Un contexte financier et politique déjà complexe

Cette menace de grève survient à un moment délicat, pour ne pas dire critique, pour l’entreprise montréalaise. Air Transat peine à redresser ses finances, avec une dette colossale de 1,4 milliard de dollars. Faire un bénéfice annuel serait une première depuis 2018. En plus de ça, le conseil d’administration doit gérer une tentative de prise de contrôle du côté de Pierre Karl Péladeau, le patron de Québecor, qui détient 9.5% de Transat.

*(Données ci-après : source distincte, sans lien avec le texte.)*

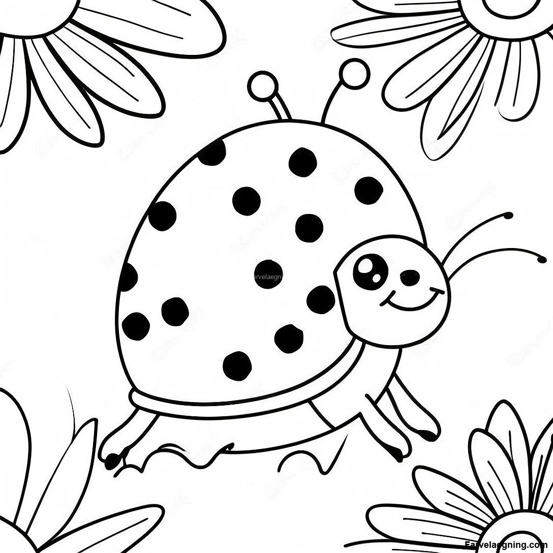 Download printbar PDF af Glad Marihøne Med Blomster Farvelægningsside
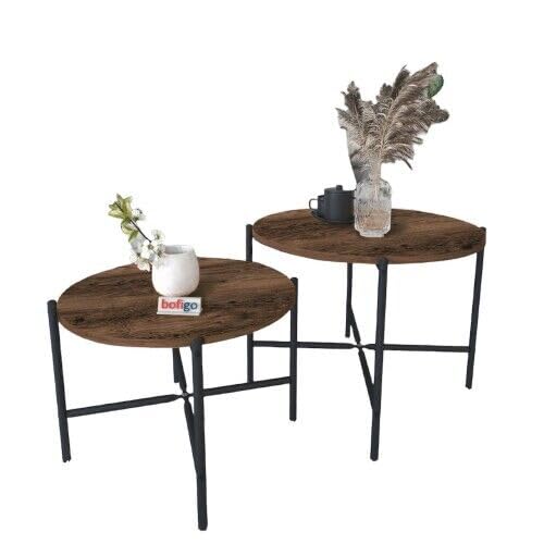 URBNLIVING 2-Piece Round Wooden Nesting End Table Set with Metal Legs Ideal for Coffee and Side Tables, Modern Living Room Furniture, Space-Saving Design (Burnt Oak)
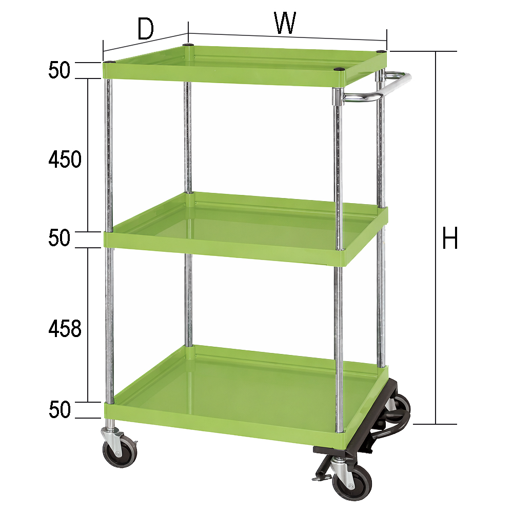 中量フットブレーキ付ワゴン台車(750×500×1200)グリーン/φ100ゴム車 品番 M350SP-075123BRS 価格は下記をご覧ください。 |
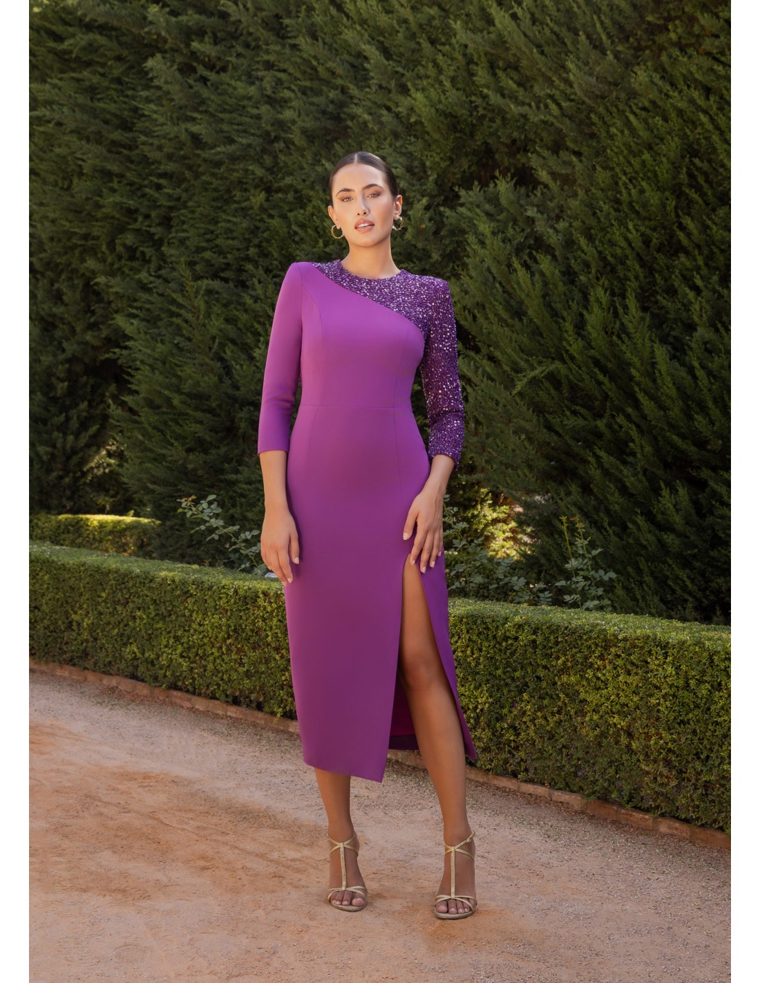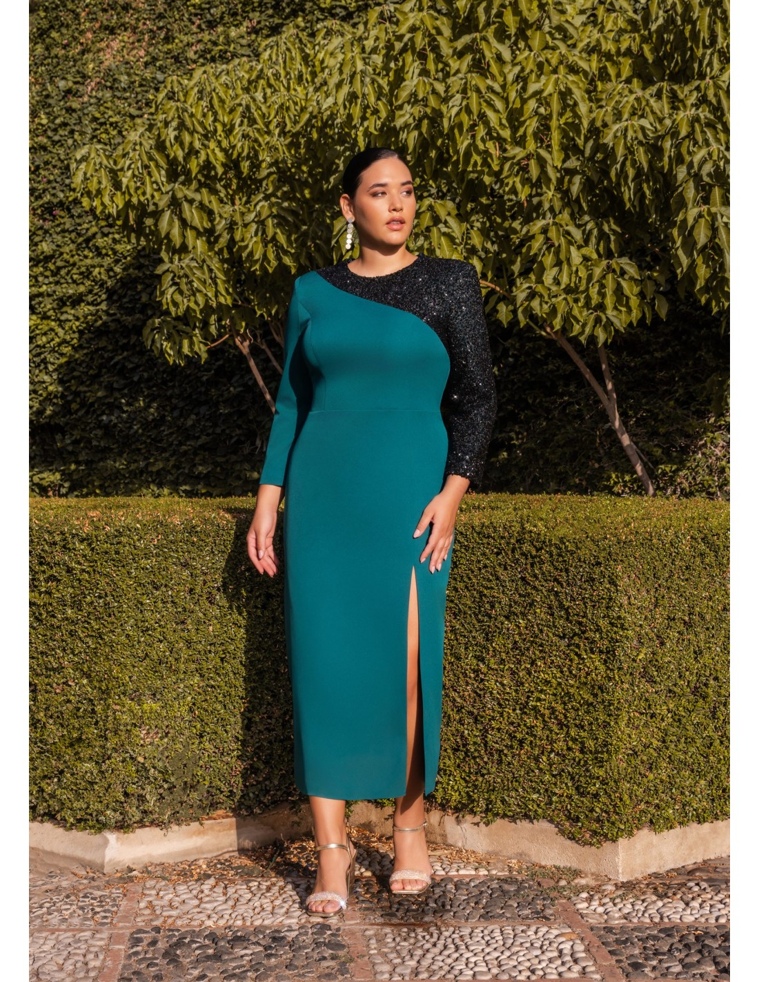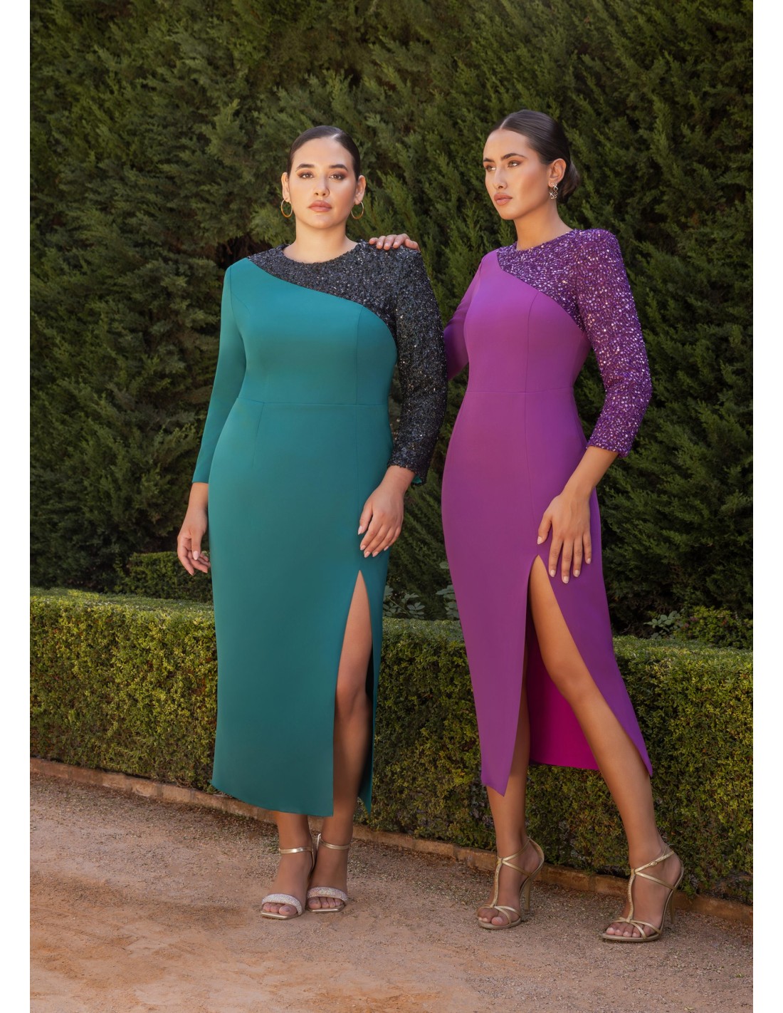 Un diseño especial para brillar en tus eventos de otoño/invierno. Este vestido midi de fiesta podrás lucirlo tanto en eventos de día como de tarde. Confeccionado en crepé, elegante y que se ajusta perfectamente a la figura. Combinado con detalle de lentejuelas en una manga y escote en un tono parecido en contraste. Sin duda, un diseño sofisticado con el que no vas a fallar. Incorpora escote cerrado también, abertura lateral y hombreras. ¡Serás una invitada perfecta!

Il a exigé la semaine dernière un remaniement du conseil et une refonte de la stratégie.Et puis, il y a le problème de fond : la pénurie de pilotes. Selon Bradley Small, qui dirige la section Air Transat de l’ALPA, plus de 180 pilotes, soit un sur quatre, ont quitté la compagnie après la pandémie. Beaucoup sont partis vers des concurrents offrant de meilleurs salaires. C’est la grande hémorragie. Les pilotes d’Air Transat regardent aussi ce qui se passe ailleurs : ceux d’Air Canada ont obtenu près de 42% d’augmentation sur quatre ans l’an dernier, et ceux de WestJet, 24% en 2023. Ils veulent leur part du gâteau, et c’est compréhensible.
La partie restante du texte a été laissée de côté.